The thresholds correspond to the following configuration items:

  • Hash-max-ziplist-entries: Indicates the maximum number of elements in a hash set saved in a compressed list.
  • Hash-max-ziplist-value: indicates the maximum length of a single element in the hash set when saved in a compressed list.

If we write more elements to the Hash set than hash-max-ziplist-entries, or if the size of a single element exceeds hash-max-ziplist-value, Redis automatically converts the Hash implementation from a compressed list to a Hash table.
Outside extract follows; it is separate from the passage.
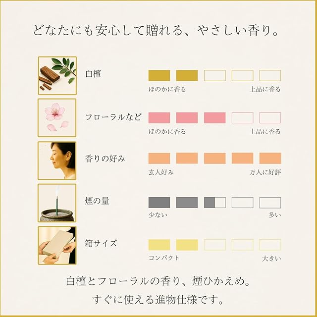 <p>大切な方へ、心を込めた贈答用お線香です。<br> 宗派を問わず、いつ贈っても失礼のない安心の贈り物。</p> <p>白檀と天然香料を調合したやさしく上品な香り。<br> 煙も控えめで、お部屋の空気を汚しません。</p> <p>内のし・包装で、四十九日や法要・喪中見舞い・初盆などすべてのお悔みごとに対応。</p> <p>金額を記載せず、ご遺族宅へ直接お届けいたします。<br> (ご注文時にカート画面でギフト設定をお選びください)</p>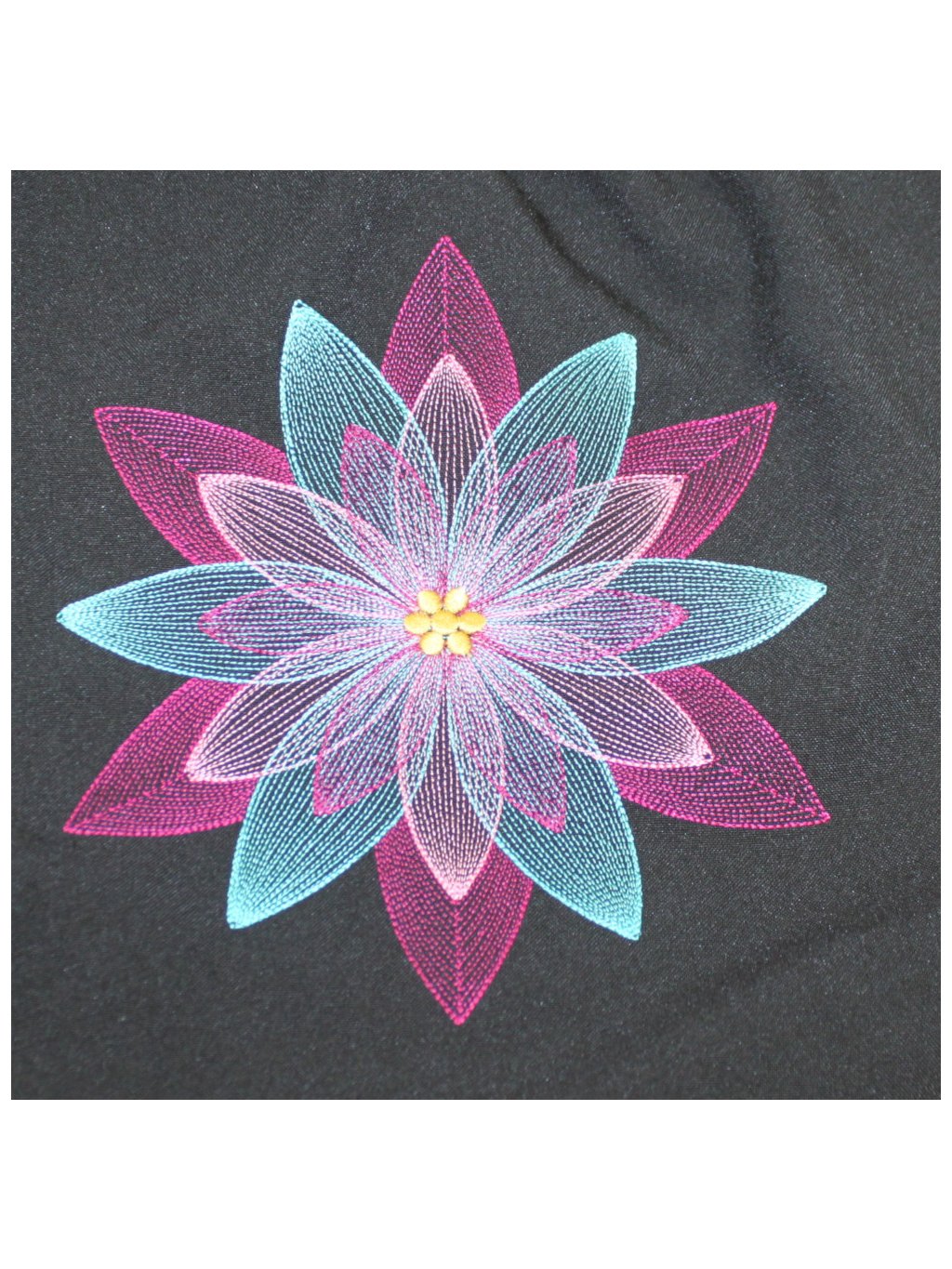 Na boku je výšivka mandaly - vícebarevná.

Once converted from a compressed list to a Hash table, the Hash type is always stored in the Hash table and never reverted back to the compressed list. In terms of saving memory space, hash tables are not as efficient as compressed lists.

To make full use of the compact memory layout of compressed lists, we typically control the number of elements stored in the Hash set. Therefore, in the previous second-level encoding, we only used the last 3 bits of the image ID as the key of the Hash set, ensuring that the number of Hash elements does not exceed 1000, and we set hash-max-ziplist-entries to 1000. In this way, Hash collections can always use compressed lists to save memory.

summary

In this class, we broke the misperceptions of String, in the past, we believe that the String is “tiger balm”, what the occasion, however, in the preservation of key/value pair itself at a less memory space (such as mentioned in this lesson the ID and the pictures of storage object ID), the String types of metadata overhead is dominant, This includes the memory overhead of RedisObject structure, SDS structure and dictEntry structure.
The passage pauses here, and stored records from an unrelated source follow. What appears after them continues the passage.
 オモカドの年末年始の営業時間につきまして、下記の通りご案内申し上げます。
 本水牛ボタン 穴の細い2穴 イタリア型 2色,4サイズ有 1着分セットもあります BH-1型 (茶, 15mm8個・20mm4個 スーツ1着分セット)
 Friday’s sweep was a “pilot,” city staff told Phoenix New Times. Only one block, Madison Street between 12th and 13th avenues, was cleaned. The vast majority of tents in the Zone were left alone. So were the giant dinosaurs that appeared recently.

In this case, we can use a compressed list to save the data. Of course, when using Hash as a collection type to store single-valued key-value pairs, we need to split the single-valued data into two parts, respectively, as the key and value of the Hash set, just as we used the secondary encoding to represent the image ID in the previous example. Hopefully you can use this method in your own scenarios.

Finally, I want to give you one more tip: if you want to know how much memory is being spent on different types of key-value pairs, you can enter the length of your key-value pair and the data type used in this url to get an idea of the actual memory consumption. I suggest you use this little tool, it can help you save a lot of memory.

Each lesson asking

As usual, here’s a quick question for you: Besides String and Hash, what other types do you think might be appropriate for the example of saving images in this lesson?

Feel free to post your thoughts and answers in the comments section, so we can discuss and share today’s content with your friends.